4.3 Edge Sink (Scala)

val df = sparkSession.createDataFrame(Seq(
  Tuple4("marko", "vadas", "20160110", 0.5),
  Tuple4("peter", "Josh", "20230801", 1.0),
  Tuple4("peter", "li,nary", "20130220", 2.0)
)).toDF("source", "target", "date", "weight")

df.show()

df.write
  .format("org.apache.hugegraph.spark.connector.DataSource")
  .option("host", "127.0.0.1")
  .option("port", "8080")
  .option("graph", "hugegraph")
  .option("data-type", "edge")
  .option("label", "knows")
  .option("source-name", "source")
  .option("target-name", "target")
  .option("batch-size", 2)
  .mode(SaveMode.Overwrite)
  .save()

5 Configuration Parameters

5.1 Client Configs

Client Configs are used to configure hugegraph-client.

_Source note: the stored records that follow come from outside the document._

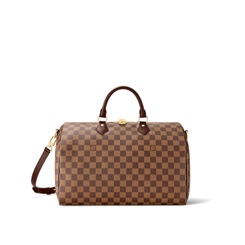 The Speedy Bandoulière 20 city bag is now offered in classic Damier Ebene canvas. Trimmed with chocolate-brown leather and fitted with a beige textile strap, this sporty model is designed for active lifestyles. It accessorizes any silhouette with its instantly recognizable shape, engraved gold-tone padlock and iconic, rolled Toron handles.
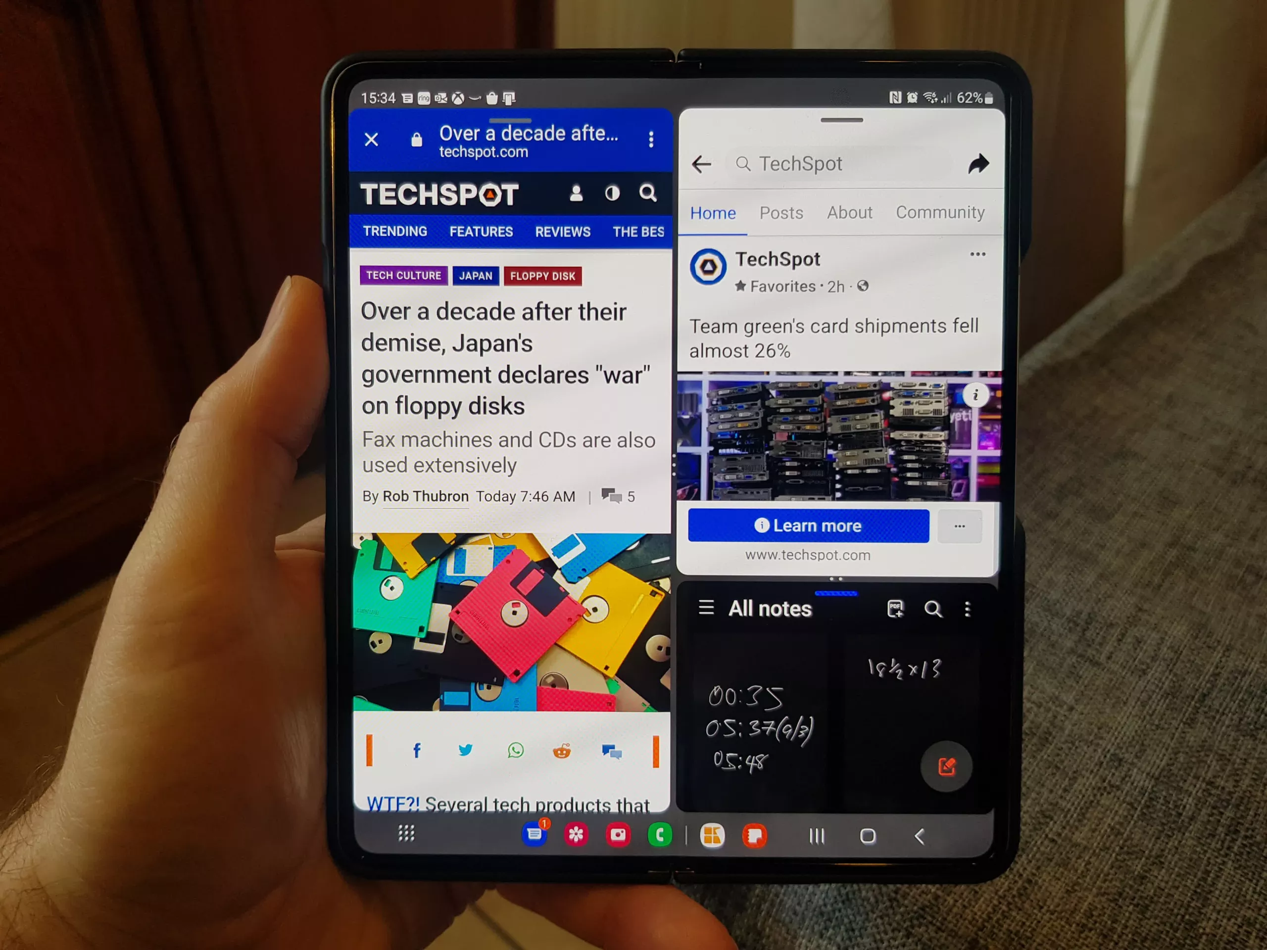 Samsung, Z Fold 4'ü en yüksek üretkenlik ahizesi olarak konumlandırıyor ve nedenini görmek kolay. Çoklu pencere modunda çok iyi çalışan çoğu uygulama sayesinde çoklu görev harika. Bir telefon ekranında Notes, Google Takvim ve Haritalar gibi bir şeyi aynı anda ve sorunsuz bir şekilde kullanmak, teoride pratikte olduğundan daha iyi çalışma eğiliminde olan bir şeydir, ancak Fold 4'ün boyutu ve görev çubuğu yetenekleri onu gerçekten kullanışlı bir özellik haline getirir.
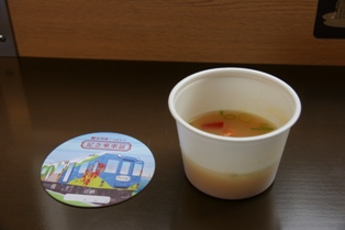 鳥羽の手前で、アナウンスが入り、2号車のイベントスペースで志摩市の観光協会から伊勢エビ汁のふるまいがあるとのことでいただきに行く。コースターを兼ねた乗車記念証もいただけた。もちろんコースターとしてなど使わないけど(逝)

ParameterDefault ValueDescription
hostlocalhostAddress of HugeGraphServer
port8080Port of HugeGraphServer
graphhugegraphGraph space name
protocolhttpProtocol for sending requests to the server, optional http or https
usernamenullUsername of the current graph when HugeGraphServer enables permission authentication
tokennullToken of the current graph when HugeGraphServer has enabled authorization authentication
timeout60Timeout (seconds) for inserting results to return
max-connCPUS * 4The maximum number of HTTP connections between HugeClient and HugeGraphServer
max-conn-per-routeCPUS * 2The maximum number of HTTP connections for each route between HugeClient and HugeGraphServer
trust-store-filenullThe client’s certificate file path when the request protocol is https
trust-store-tokennullThe client’s certificate password when the request protocol is https

5.2 Graph Data Configs

Graph Data Configs are used to set graph space configuration.

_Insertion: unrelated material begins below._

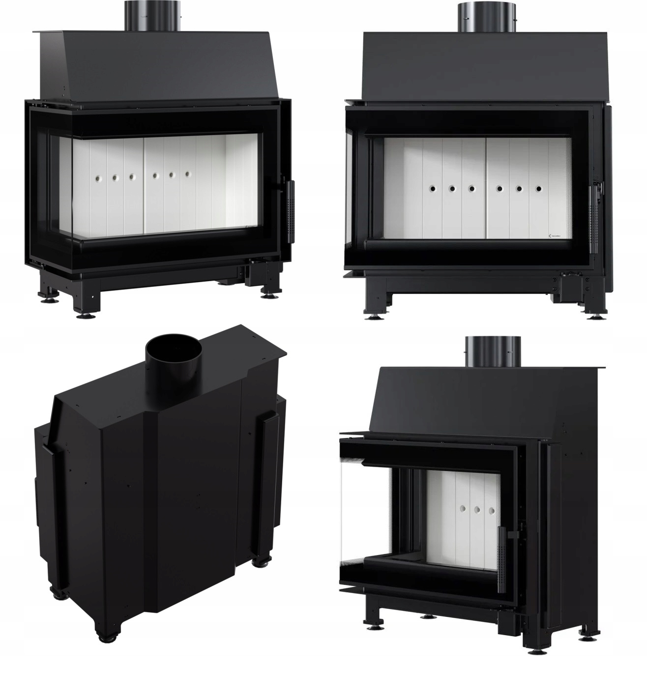 Набір з 3 шт. Камінних решіток типу люфт 45S кутових 600x400x90 для каміна з лівим склом - чорний колір - 2 шт. ВГОРУ та 1 шт. ЗНИЗУ SF
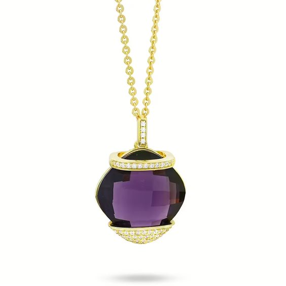 Prodotto: collana donna gioielli Bottega Boccadamo Zoe BGR116DV Collana da donna di Bottega Boccadamo della collezione Zoe. Collana placcata oro giallo con pendente di cristallo color ametista da 14 mm racchiuso in un doppio pavè di zirconi. Materiale: argento. Produzione: realizzato in Italia. Misure: lunghezza cm 39 estendibile fino a cm 44,5. Dimensione: cristallo cm 1,4 x 1,4. Chiusura: con moschettone. La referenza è BGR116DV Questo articolo verrà spedito con Scatola Originale Bottega Boccadamo

ParameterDefault ValueDescription
data-typeGraph data type, must be vertex or edge
labelLabel to which the vertex/edge data to be imported belongs
idSpecify a column as the id column of the vertex. When the vertex id policy is CUSTOMIZE, it is required; when the id policy is PRIMARY_KEY, it must be empty
source-nameSelect certain columns of the input source as the id column of source vertex. When the id policy of the source vertex is CUSTOMIZE, a certain column must be specified as the id column of the vertex; when the id policy of the source vertex is PRIMARY_KEY, one or more columns must be specified for splicing the id of the generated vertex, that is, no matter which id strategy is used, this item is required
target-nameSpecify certain columns as the id columns of target vertex, similar to source-name
selected-fieldsSelect some columns to insert, other unselected ones are not inserted, cannot exist at the same time as ignored-fields
ignored-fieldsIgnore some columns so that they do not participate in insertion, cannot exist at the same time as selected-fields
batch-size500The number of data items in each batch when importing data

5.3 Common Configs

Common Configs contains some common configurations.

ParameterDefault ValueDescription
delimiter,Separator of source-name, target-name, selected-fields or ignored-fields

6 License

The same as HugeGraph, hugegraph-spark-connector is also licensed under Apache 2.0 License.